* [Required work] Exact copy, no pictures: take the lines of the listing below from the first through the one containing "평균근속연수 | 평균연봉(백만) |".

*** Begin section ***

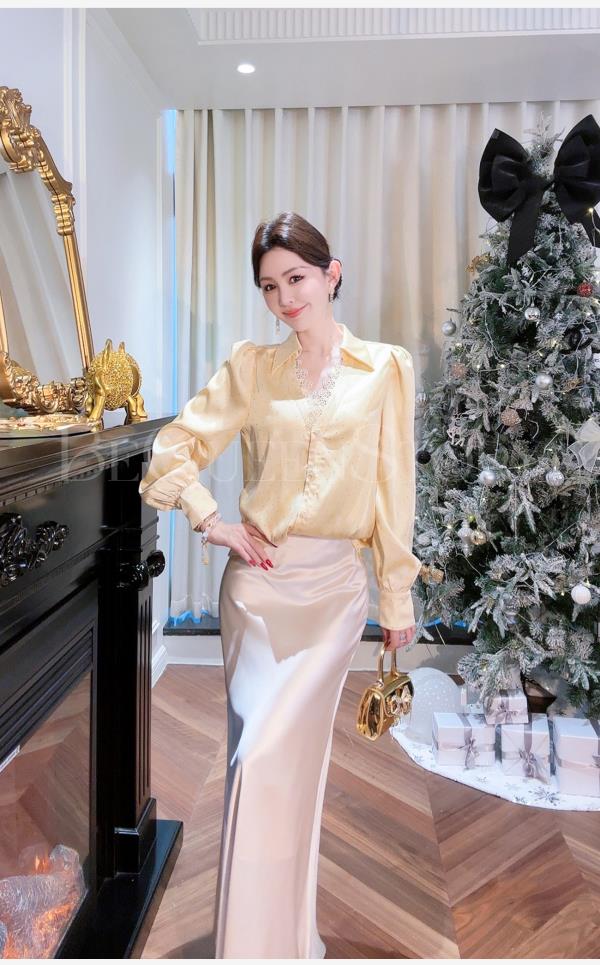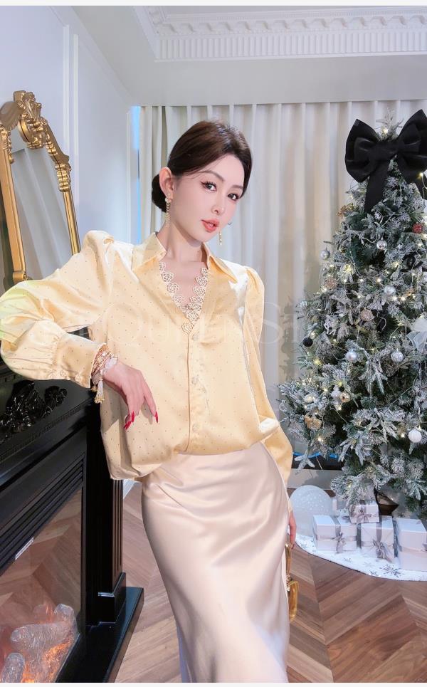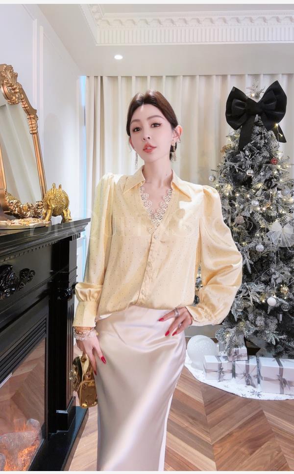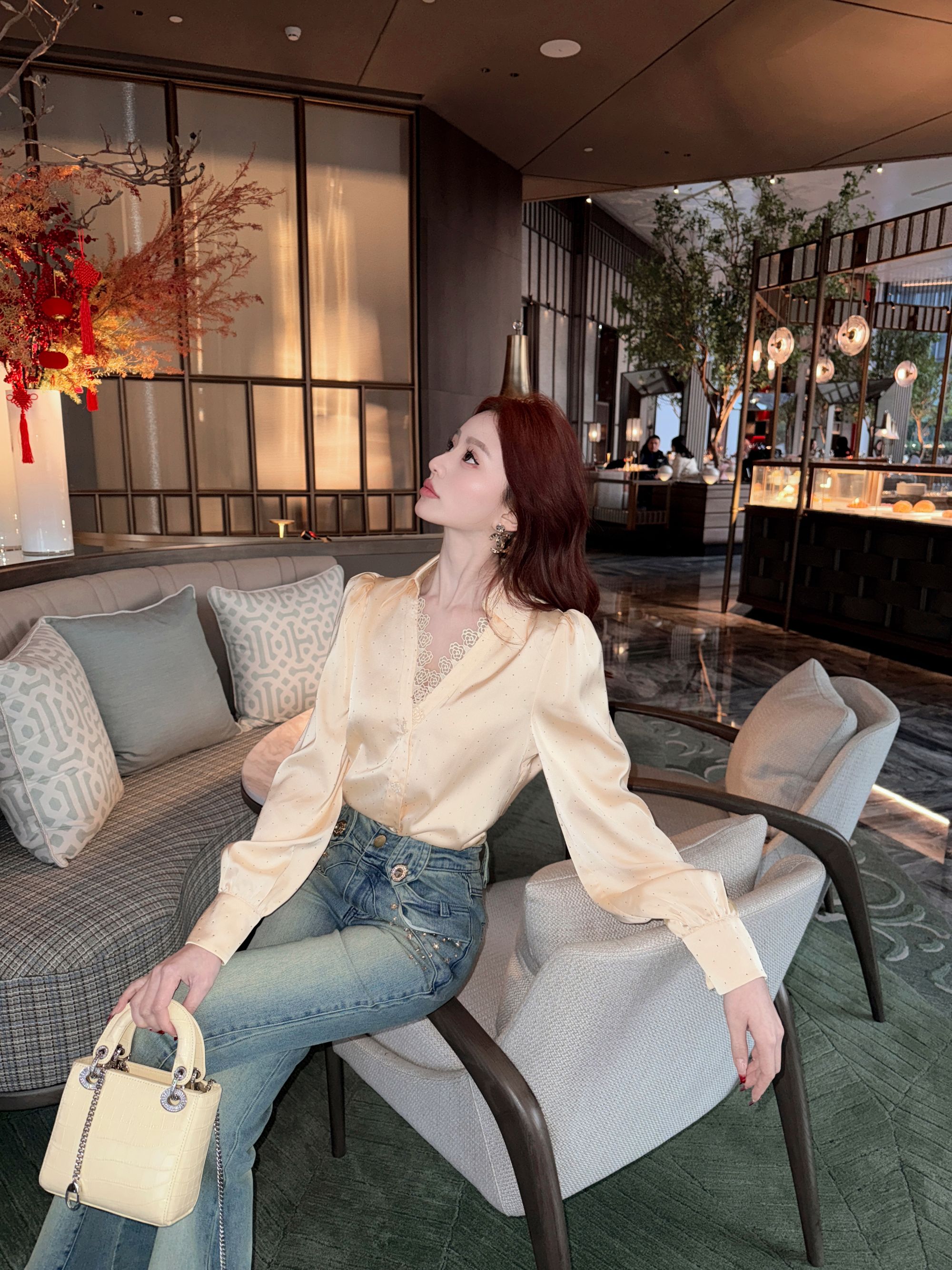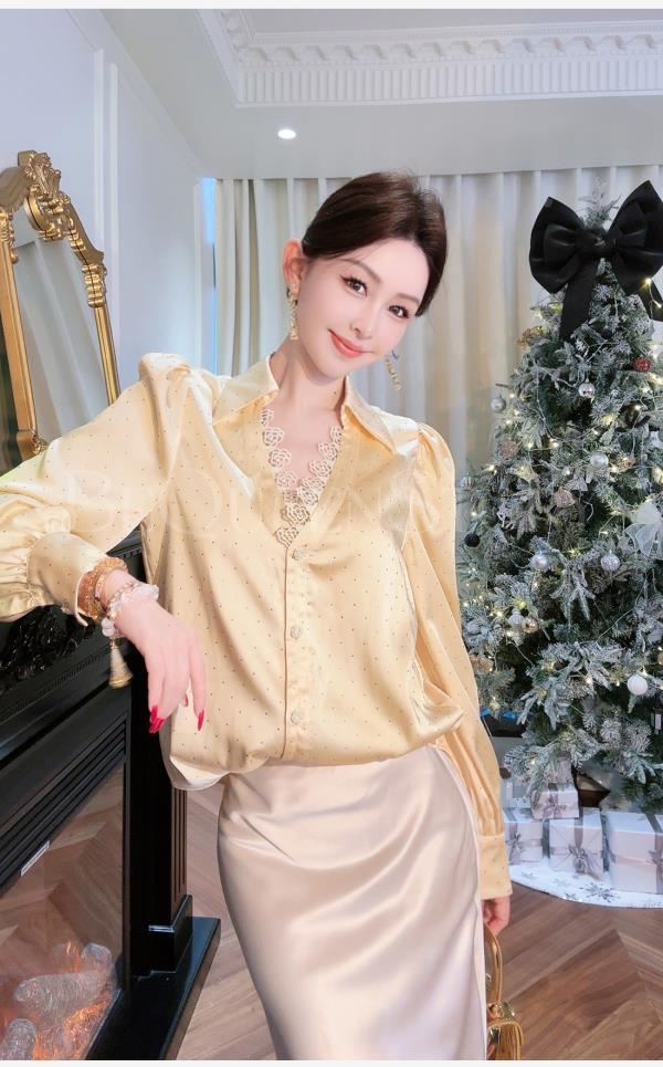 【孤品样衣,不退不换】【浪漫春波】2025年早春新品轻奢重工烫钻拼接花边翻领衬衫
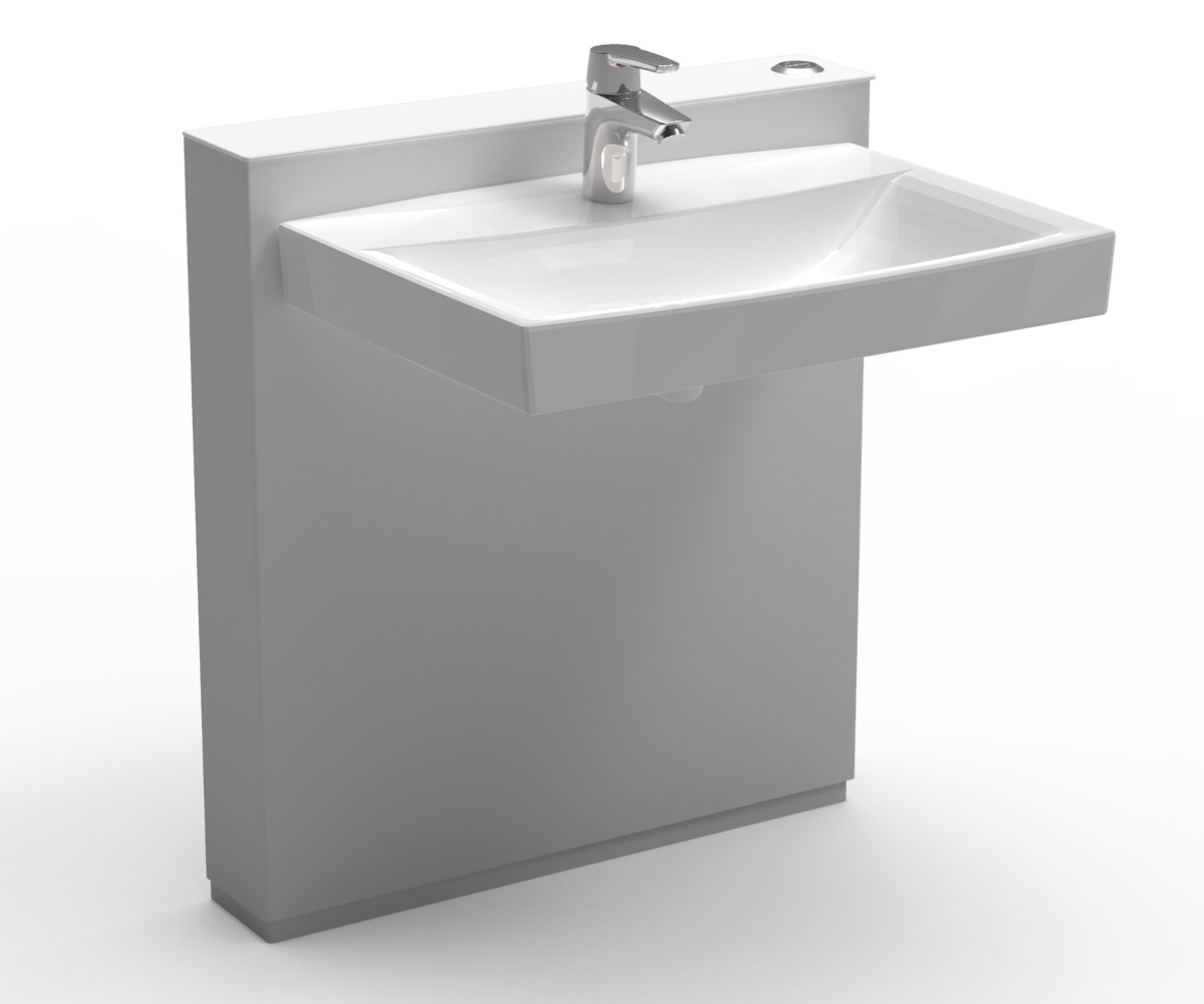 Håndvask kan højdejusteres trinløst elektrisk 300mm. Betjenes med fast betjening på unit. IP66 sikret til vådrum. Vasken er 60x42cm og i et enkel design. Unit er 12cm dyb og 65cm bred. Inklusiv vask, VVS-kit og armatur. Max brugervægt 200 kg.
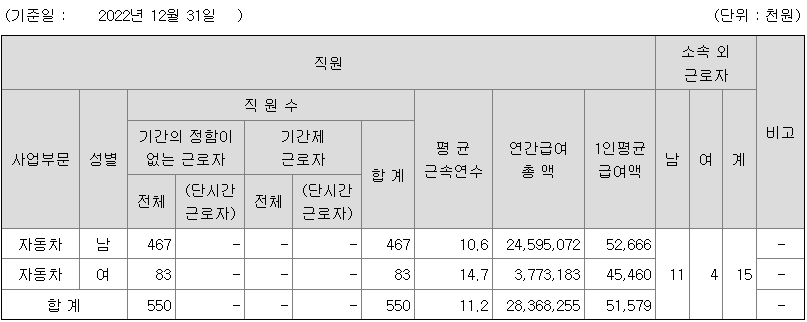 | 사업부문 | 성별 | 직원수 | 평균근속연수 | 평균연봉(백만) |
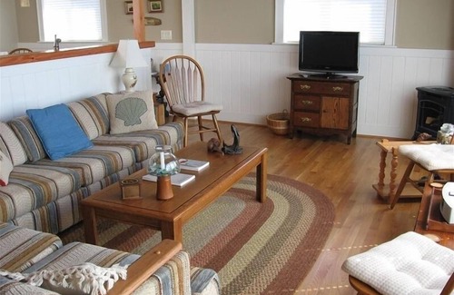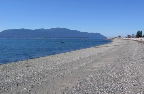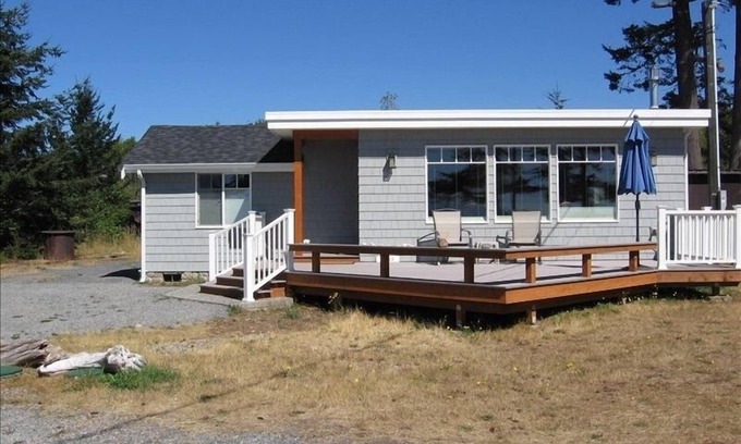 There are 2 bedrooms and 2 baths. One of the bedrooms has a King bed and the other either 2 twins or they can be converted to a Queen size bed. The living room has a Queen size sleeper sofa, a propane fire place and DVD. The kitchen is new and fully equipped. There is a large deck on the front where you can take advantage of the views also plenty of outdoor seating, tables and BBQ. There is a good size lawn area for croquet, bocce ball and the like. The beach across the street is filled with driftwood, agates and shells. If you have a boat you can crab in season. Bring along your kayak or I can arrange for a company to take you out. We also have bikes. All in all a perfect vacation spot.
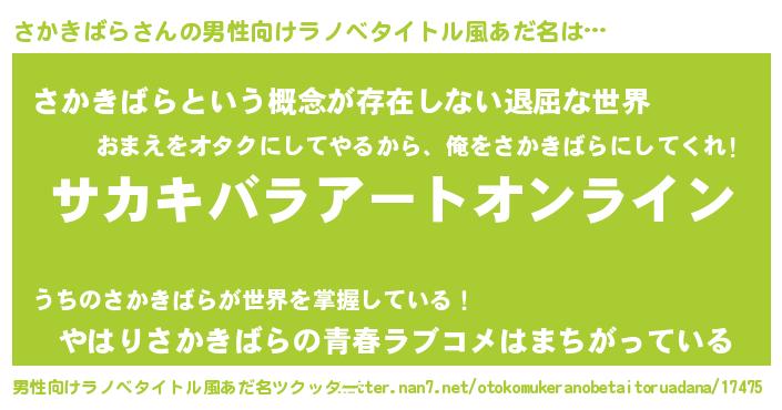 | 胡散臭い通販商品みたいなあだ名 | 『億万長者になれる水晶球…その名も「さかきばら」』 |
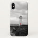 A black and white photo showing a lighthouse at the beach, on the Australian coast, with selective red coloring to add detail.
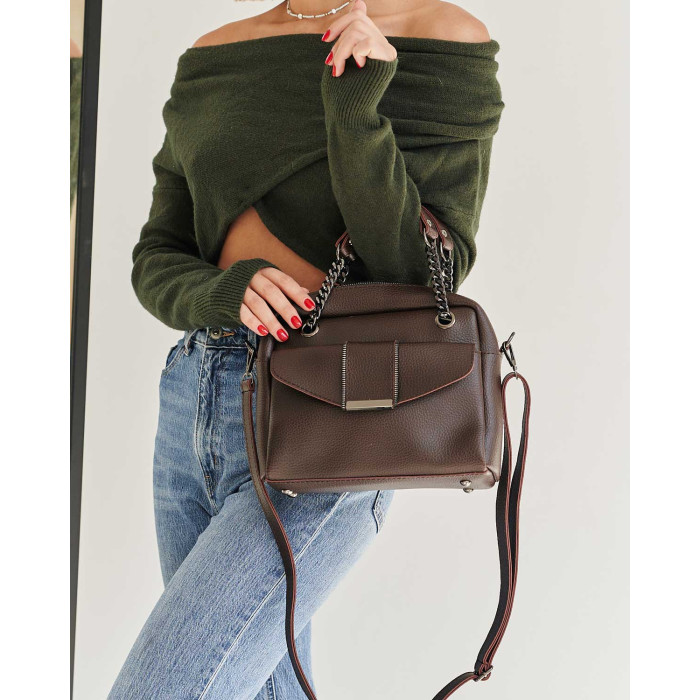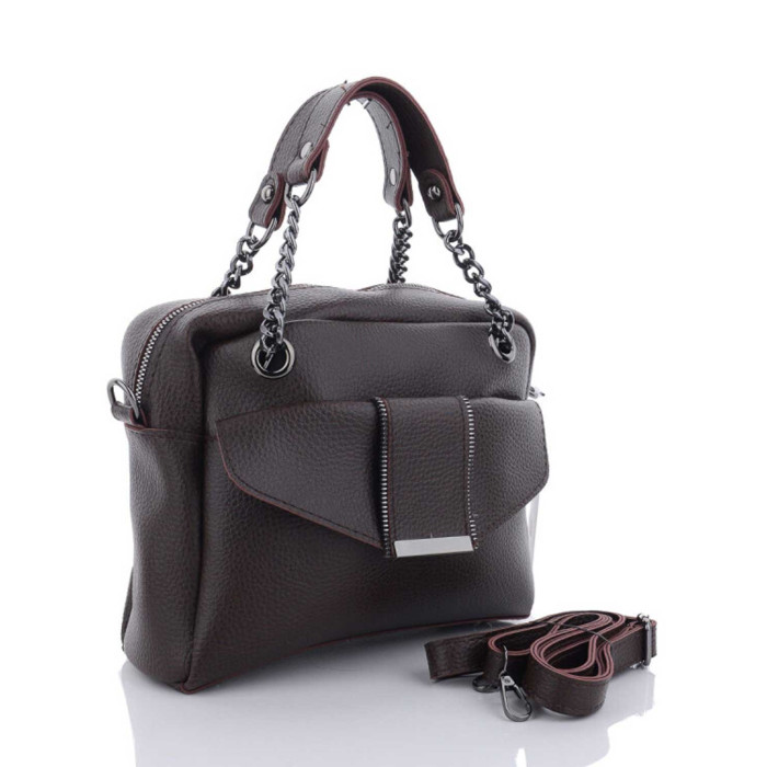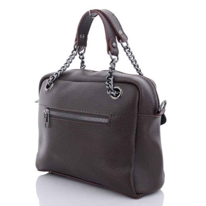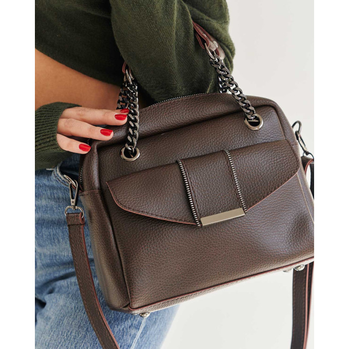 Стильная молодежная женская сумка 56605 из кожзаменителя высокого качества, цвет коричневый. Сумка открывается при помощи молнии. Спереди сумки есть полноценное отделение на клапане. Ручки сумки выполнены с дополнительным аксессуаром - цепочкой. Сумка на подкладке, имеет внутри два кармана: открытый и на молнии. Сзади имеется карман для мелких предметов.
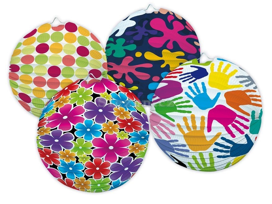 Papírový kulatý lampión - barevný s obrázky - vhodná dekorace na party, lampiónový průvod, zahradní slavnost, karneval, oslavu narozenin nebo jen tak na zavěšení do dětského pokojíčku. Vyberte si svůj lampion a udělejte z běžného večera kouzelný.

*** End section ***

* [Exercise response]
 【孤品样衣,不退不换】【浪漫春波】2025年早春新品轻奢重工烫钻拼接花边翻领衬衫
 Håndvask kan højdejusteres trinløst elektrisk 300mm. Betjenes med fast betjening på unit. IP66 sikret til vådrum. Vasken er 60x42cm og i et enkel design. Unit er 12cm dyb og 65cm bred. Inklusiv vask, VVS-kit og armatur. Max brugervægt 200 kg.
 | 사업부문 | 성별 | 직원수 | 평균근속연수 | 평균연봉(백만) |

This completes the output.